Apart from all these, there are other deficiencies that Google Panda identifies and penalizes. Web pages with loads of advertisements creating a chaos and the ones with thoughtless and reckless designing are not really appreciated by Panda. Also, web pages that are not updated for long times are penalized, as are websites that index useless pages on Google.

Which errors on a website will cause to sanctions of Google Panda?

Good, bad, evil or cute - Google Panda is here to say, and considering indications from Google, it's going to be a vital cog in Google's search engine experience improvement drive for the future. So, nothing is more important than identifying as to what invites the fury of Google Panda for webmasters. It's after diligent analyses of websites that have gone down after Panda updates and the possible content and quality deficiencies they suffered from that a suggestive list of aspects that can be serious reasons of Panda sanctions has come up. Here's more on all that does not go well with Panda.

Thin content – You've heard it before, but it makes all the sense to hear it again. Among Panda's most obvious victims are websites that have loads of web pages but not much content on them. Such websites often inflate themselves with advertisement pages and thin content pages, which leave users wanting for more. Google wants its users to be served only really useful web results, and that's why it chases away thin content websites.

Compromised content to chase keywords – How irritating is it for you to surf a website that is laden with web pages links that seem useful, but only serve the same content over and over, with minor keyword variations. This irritates Panda no ends! Webmasters often compromise website quality to be able to target keywords with minor variations.

Duplication is a sin – Content duplication is a certain turn down for Google Panda. Whether you copy content from your own web pages to other pages, or copy anybody's content to use on your website, Panda will be tough on your website. Even if you're providing multiple pages with remarkably similar content in the form of printer-friendly, single-page (instead of multi-page article), or stripped down pages targeting mobile devices, Panda will identify and correspondingly penalize you, unless you no-index these similar content pages. Dynamically generated URLs pointing to the same source URL need to be accompanied by Rel='Canonocal' tag for Google to not treat them as deliberate attempts to duplicate pages.

Ad laden websites – Panda has cracked down on websites that serve a lot of advertisements to users. In fact, among the prominent traffic losers after Panda updates are websites that make readers scroll down through rivers of advertisements before serving them any useful content. Even irrelevant and excessive banner ads are deemed to be hindering to a decent user experience, and are hence penalized by Panda.

Empty web pages and redundant URLs – Whether it's a housekeeping mistake on the part of webmasters or a deliberate attempt to fool viewers into believing that the website is content rich and expansive, URL duplication and empty web pages are a strict NO NO with Google Panda. Even if empty web pages result from the internal search functionality of the website, Panda slaps penalties.

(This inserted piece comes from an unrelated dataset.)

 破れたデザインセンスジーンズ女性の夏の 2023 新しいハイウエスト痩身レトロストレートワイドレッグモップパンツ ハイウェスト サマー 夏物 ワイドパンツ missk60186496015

Purchased links instead of earned links – No longer are the rich webmasters able to buy link-backs in order to secure better SERPs with Google. Panda is smart enough to identify backlinks from shady sources, and is quick in penalizing the websites that are identified for using black hat and cheap link buying techniques.

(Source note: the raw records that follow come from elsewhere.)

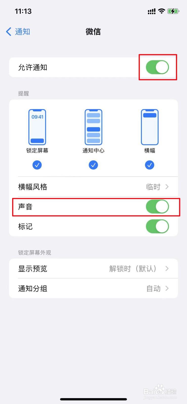 最后在微信通知里面勾选上【允许通知】和【声音】。
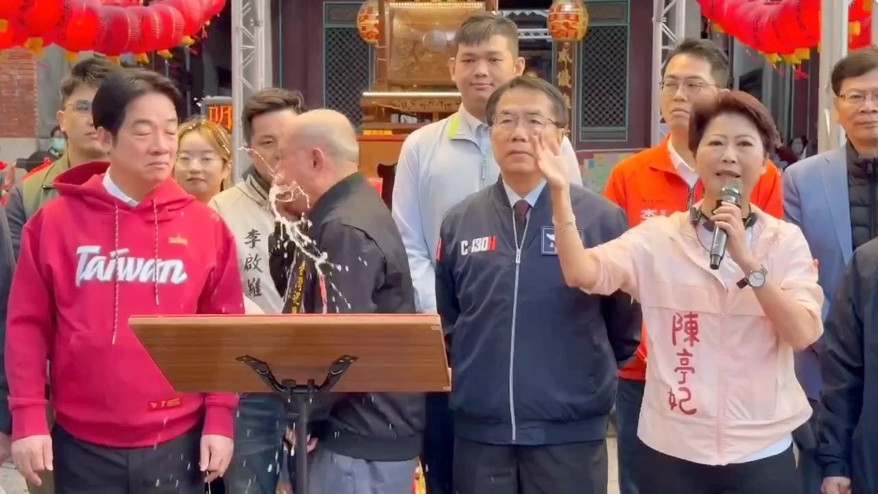 【記者陳力維/綜合報導】今(18)日是農曆大年初二,總統賴清德上午前往台南中西區的「臺灣祀典武廟」參香祈福,並現場發放福袋向民眾拜年,現場氣氛熱烈。然而活動中發生一段插曲,廟方主委林培火在民進黨立委陳亭妃致詞時,疑似身體不適突然嘔吐,且噴濺到就站在他左側的總統賴清德,場面一度混亂。賴清德當下表現鎮定,趕忙關心林培火身體狀況,並在稍作整理後繼續完成行程。
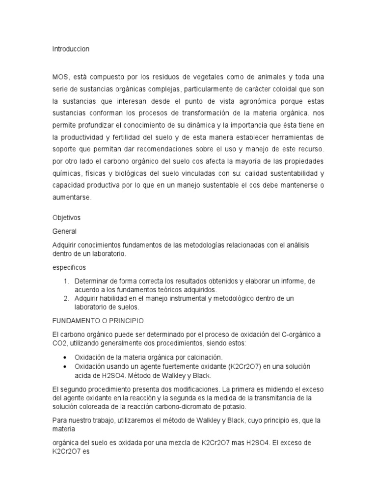 El carbono orgánico puede ser determinado por el proceso de oxidación del C-orgánico a
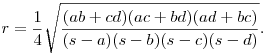 Ismert, hogy ha a egy húrnégyszög oldalai a,b,c,d, félkerülete , a köré írt kör sugara r, akkor

Housekeeping mistakes that make your websites suffer – Google Panda update has always been tough on websites that suffer from deliberate or unintentional housekeeping errors that make the users experience a messy one. Among the most obvious lessons for webmasters are:

  • Panda assumes that your websites are either hosting spam or not doing anything to prevent spam when it finds a considerable proportion of irrelevant outgoing links on your web pages.
  • Unless you use robots.txt to point out that search results are not meant to be indexed, Google treats the same as an attempt to duplicate content and hence levies appropriate penalties on your website's Panda Score.
  • Improper internal linking makes your website suffer, so avoid multiple links pointing to the same pages, whether intentional or not.